**Data under study**
=-=-=

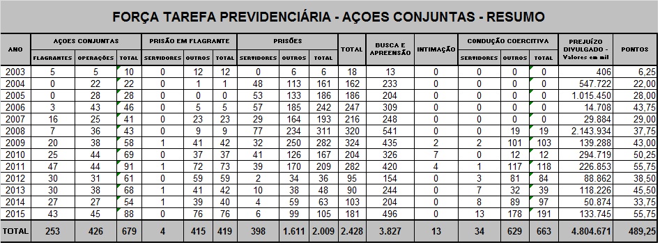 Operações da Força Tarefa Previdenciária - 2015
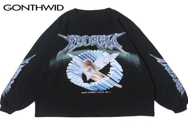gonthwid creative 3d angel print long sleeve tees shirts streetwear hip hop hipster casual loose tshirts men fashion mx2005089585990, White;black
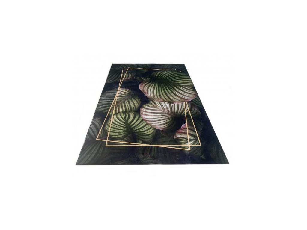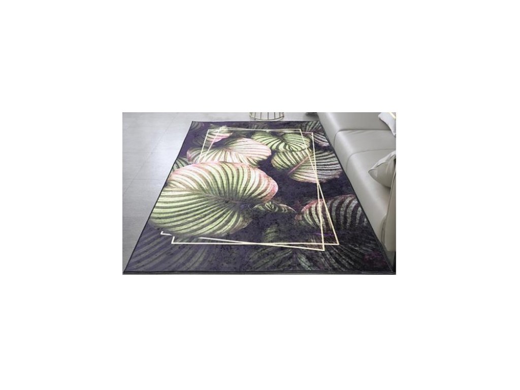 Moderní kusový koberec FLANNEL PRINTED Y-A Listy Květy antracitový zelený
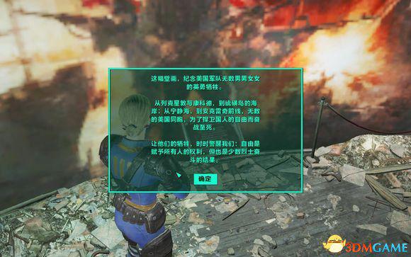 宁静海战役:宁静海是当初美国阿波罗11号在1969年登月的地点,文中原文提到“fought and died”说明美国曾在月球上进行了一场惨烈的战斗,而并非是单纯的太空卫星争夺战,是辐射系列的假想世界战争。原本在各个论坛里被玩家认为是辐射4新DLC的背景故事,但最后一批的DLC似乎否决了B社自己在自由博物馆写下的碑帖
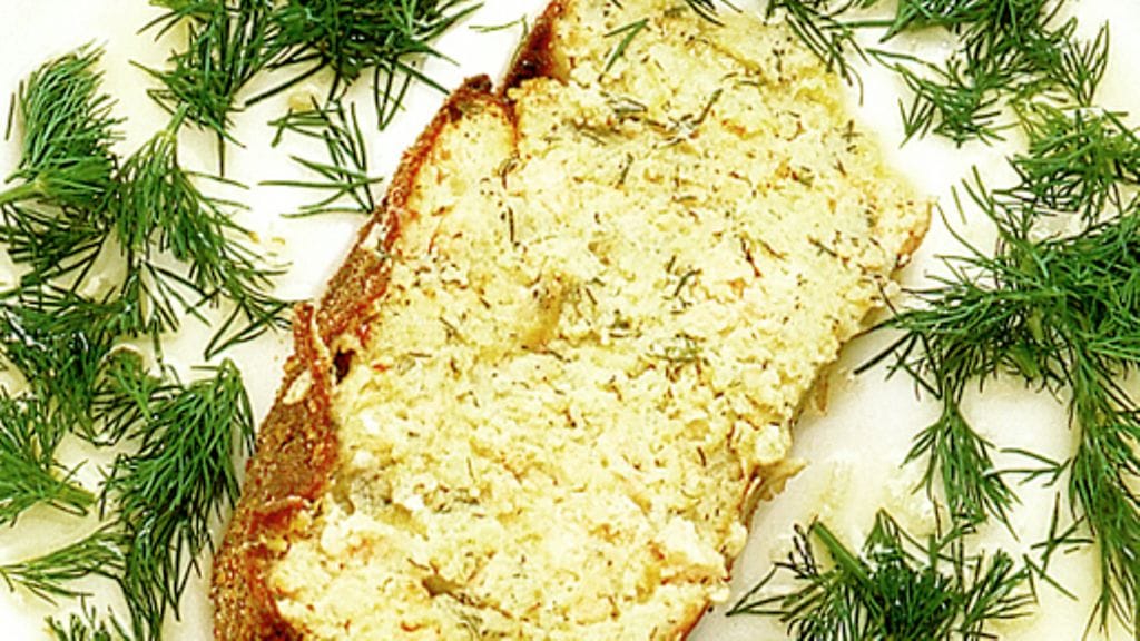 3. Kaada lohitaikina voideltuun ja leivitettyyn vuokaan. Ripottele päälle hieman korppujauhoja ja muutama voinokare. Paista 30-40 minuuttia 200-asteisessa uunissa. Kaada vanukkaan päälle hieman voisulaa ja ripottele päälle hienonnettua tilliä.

=-=-=

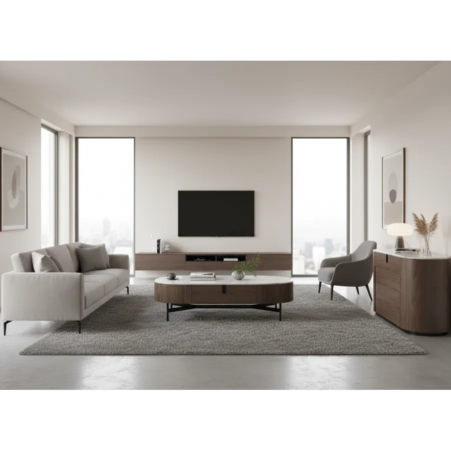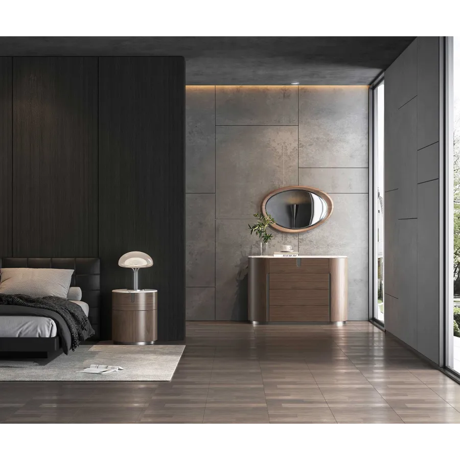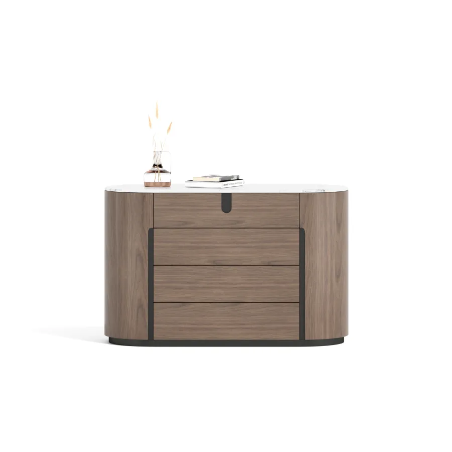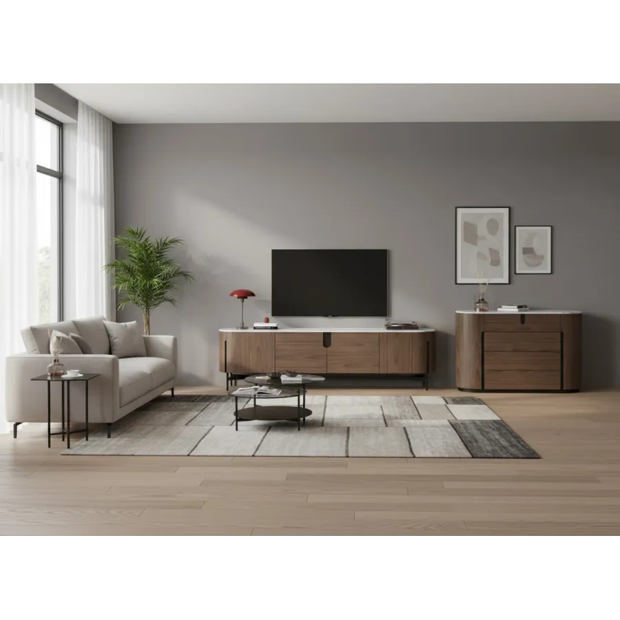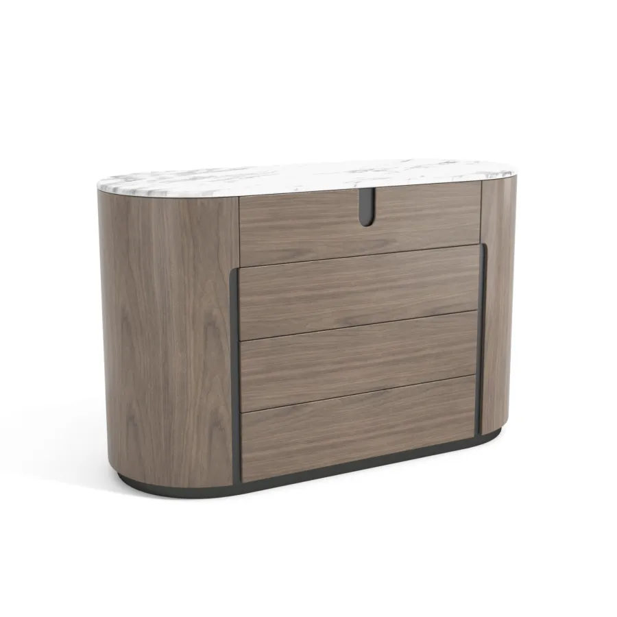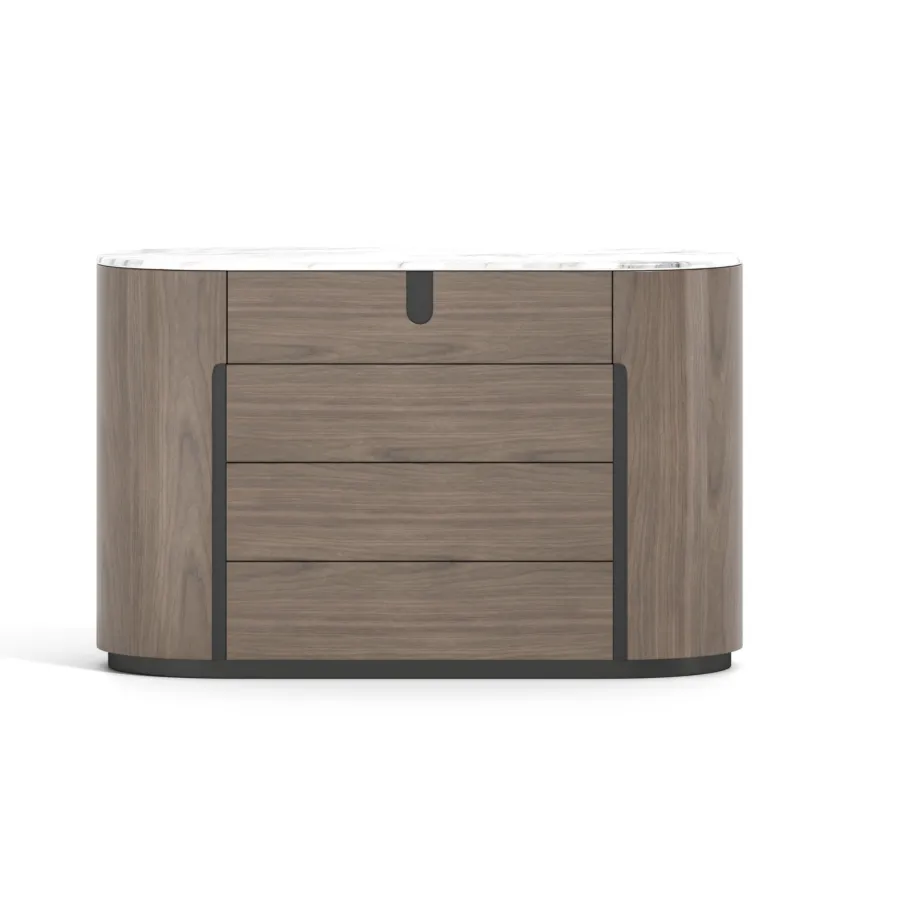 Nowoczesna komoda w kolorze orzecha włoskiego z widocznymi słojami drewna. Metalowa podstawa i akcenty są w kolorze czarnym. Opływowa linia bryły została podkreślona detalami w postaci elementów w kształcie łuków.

=-=-=

**Problem to solve**
From the listing above, repeat only the lines between the line containing "Operações da Força" and the line containing "Moderní kusový koberec", those two included. Pictures are not part of the copy.

**Answer space**
 Operações da Força Tarefa Previdenciária - 2015
gonthwid creative 3d angel print long sleeve tees shirts streetwear hip hop hipster casual loose tshirts men fashion mx2005089585990, White;black
 Moderní kusový koberec FLANNEL PRINTED Y-A Listy Květy antracitový zelený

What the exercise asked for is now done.